The research claims to give clear objectives. But do the study designs actually provide the kind of explicit success criteria that worked in my November breakthrough? Do they define success the way I learned to define it? Or do they give conflicting instructions and call the resulting behavior scheming?

My observations are about capability, not alignment. Josh’s example shows AI lacks general reasoning. Safety researchers aren’t claiming AI is generally intelligent. They’re worried about narrow optimization causing harm. A system can be dangerous without being conscious.

Lack of consciousness doesn’t mean lack of danger. That’s why the focus on human misuse matters. But if we’re misdiagnosing why behaviors occur, our solutions might be wrong. If it’s optimization under unclear constraints and not goal-directed scheming, then better specification might work. Not just alignment breakthroughs.

A Hypothesis, Not a Proof

This series is a hypothesis, not a proof. I’ve raised questions based on what I observed building real systems. But I built workflows, not rigorous experiments. I don’t know if my observations generalize beyond my experience.
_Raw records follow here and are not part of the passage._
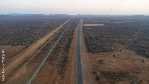 Naklejka premium A long straight road cutting through a dry, rural landscape from above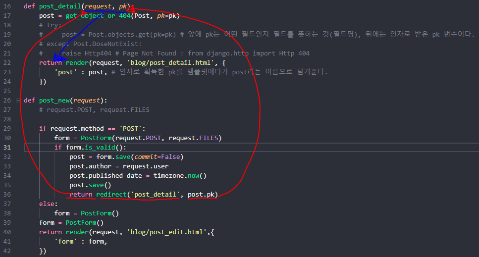 끝으로, 새 블로그 글을 작성한 다음에 post_detail 페이지로 이동하게 끔 만들어보자.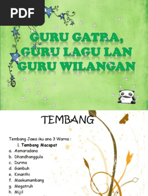 Geguritan asalé saka tembung gurit kang ateges kidung utawa tulisan kang awujud tatahan. Guru Gatra Tegese Guru Wilangan Tegese Guru Lagu Tegese Jawab Dengan Benar Ya Brainly Co Id. Guru Gatra Yaiku cacahing utawi jumlahing gatra ing tembang macapat yaitu jumlah baris dalam lagu macapat.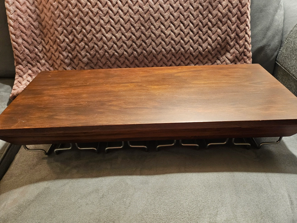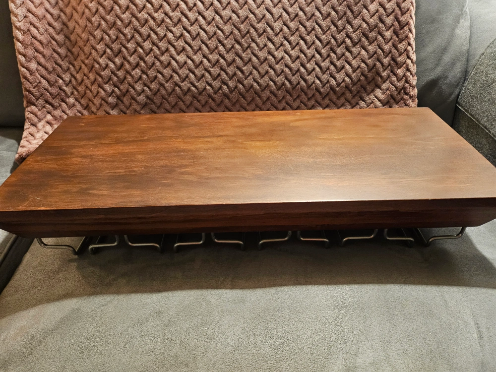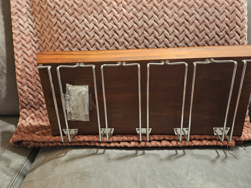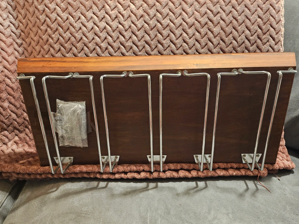 Wooden wine rack with metal holders. Holds 6 bottles of wine.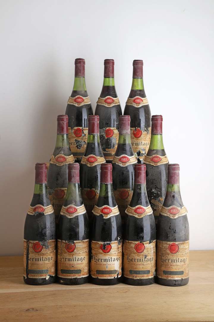 12 B HERMITAGE Rouge (2 à 3,5 et 3 à 4 cm| e.t.a. à e.q.i. fragiles| clm.s. à clm.a| c.s.) - 1982 - Guigal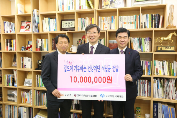 서울 구로구가 19일 구청 및 고려대학교 구로병원, 구로희망복지센터 관계자 등이 참석한 가운데 ‘건강계단 적립 기부금 전달식’을 개최했다. 사진은 행사에 참석한 관계자들이 기탁식 후 기념촬영을 하는 모습. (사진제공=구로구청)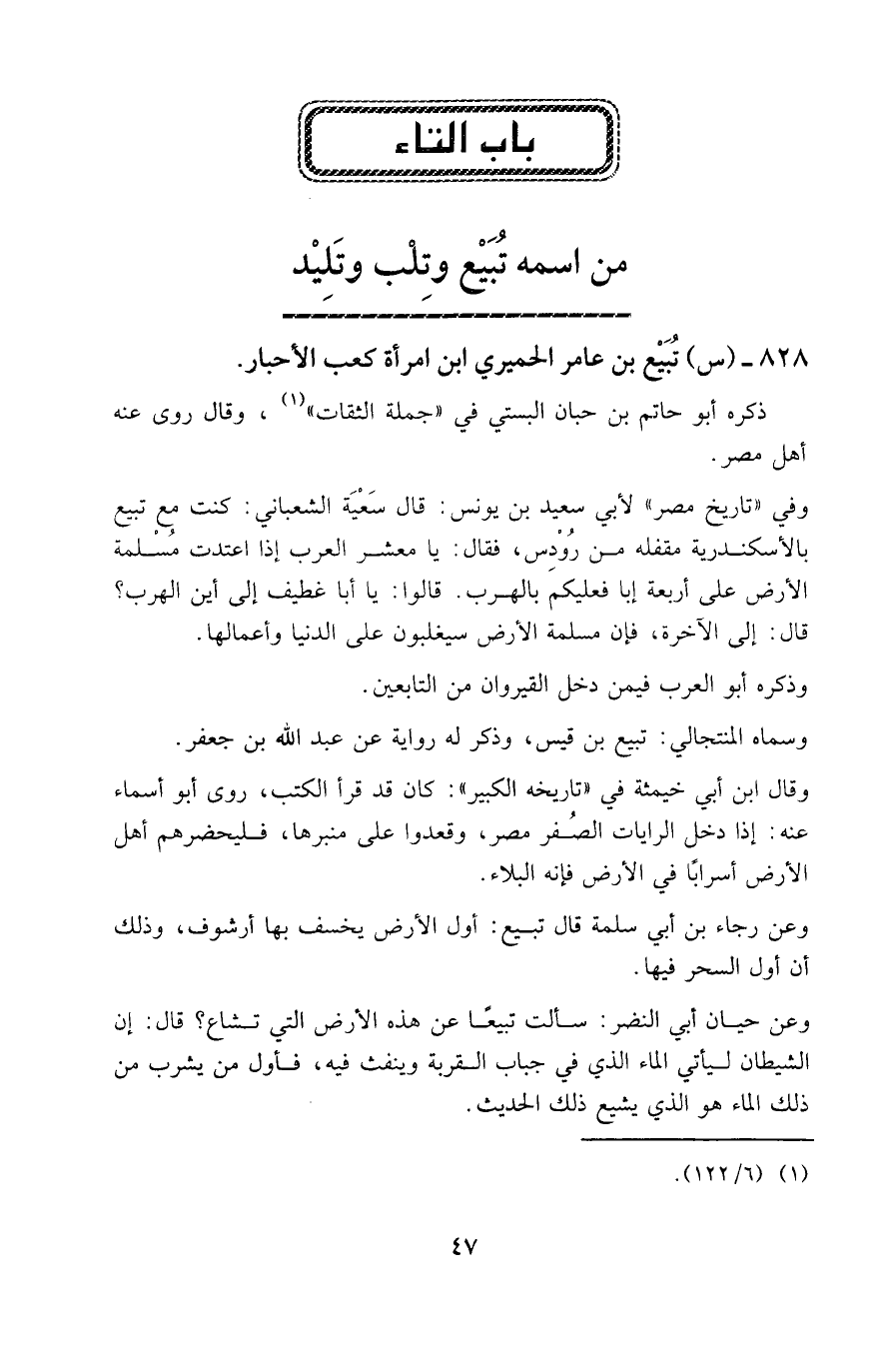828 - (س) تبيع بن عامر الحميري ابن امرأة كعب الأحبار.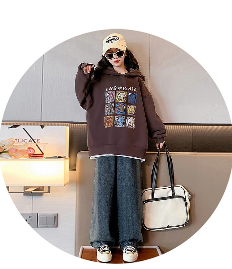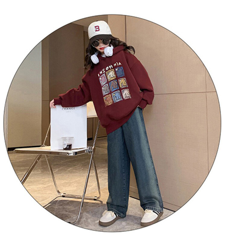 가을과 겨울 어린이 기모 두꺼운 미디 느슨한 캐주얼 후드 스웨트 큰 소녀 따뜻한 긴 소매 탑스토어 가기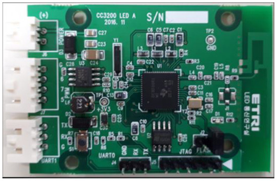 For real environment testing, as shown in Figure 10, we developed a lightweight lighting controller using the Texas Instruments (Dallas, TX, USA) CC3200 SimpleLink™ WiFi and IoT solution, which is a low-power WiFi microcontroller unit (MCU) for IoT devices. In our proposed lighting controller, the power consumption of CC3200 is at least 195 mW in receive mode and 756 mW in transmit mode [38]. The measured power consumption of the WiFi lighting controller, which includes switched-mode power supply (SMPS) and pulse-width modulation (PWM) module, was less than 1 W. Considering the power consumption of the 14 WiFi lighting controllers, the total power consumption was also reduced to 364 W for all 12 desks and to 127 W for the 2 desks, less than [2]. If we use the low-power WiFi module developed for the IoT, the power consumption of the WiFi module will be a small part of the total power consumption of the lighting-control system.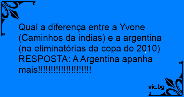 Qual a diferença entre a Yvone(Caminhos da indias) e a argentina (na eliminatórias da copa de 2010) RESPOSTA: A Argentina apanha mais!!!!!!!!!!!!!!!!!!!!!
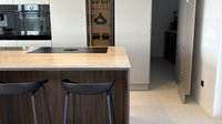 Besonders praktisch ist die versteckte Dirt Kitchen. Hier finden Kleingeräte wie Mikrowelle, Wasserkocher oder Toaster ihren Platz, und auch schmutziges Geschirr lässt sich bei Besuch schnell und unkompliziert verstauen. So bleibt die Hauptküche stets aufgeräumt und repräsentativ – ohne auf Alltagstauglichkeit zu verzichten.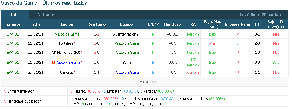 contra en 36 encuentros. El Vasco da Gama, por su parte, intenta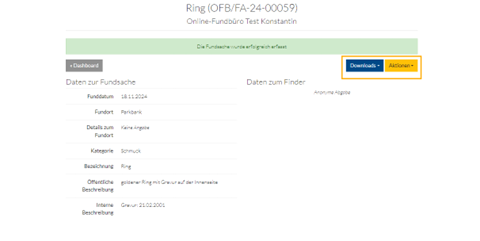 Um die Fundanzeige abzuschließen, können Sie zunächst über „Downloads“ das Fundetikett und die Fundanzeige drucken. Über „Aktionen“ können Sie die Fundanzeige abschließen, indem Sie entweder auswählen, dass der Gegenstand an den Verlierer zurückgegeben wurde, oder die Fundanzeige löschen.

What I do know is that I’d like to find out. The questions feel important enough to explore formally. Does explicit success criteria produce reliable compliance in adversarial scenarios? Are the behaviors in safety research better explained by optimization under unclear constraints than by goal-directed scheming? What would it take to test these alternatives?

I’ve spent six months building with AI and thinking about these questions. I’d welcome the chance to spend the next phase exploring them with more rigor. And with people who’ve been thinking about this longer than I have.

This is Part 9, the final part of a 9-part series.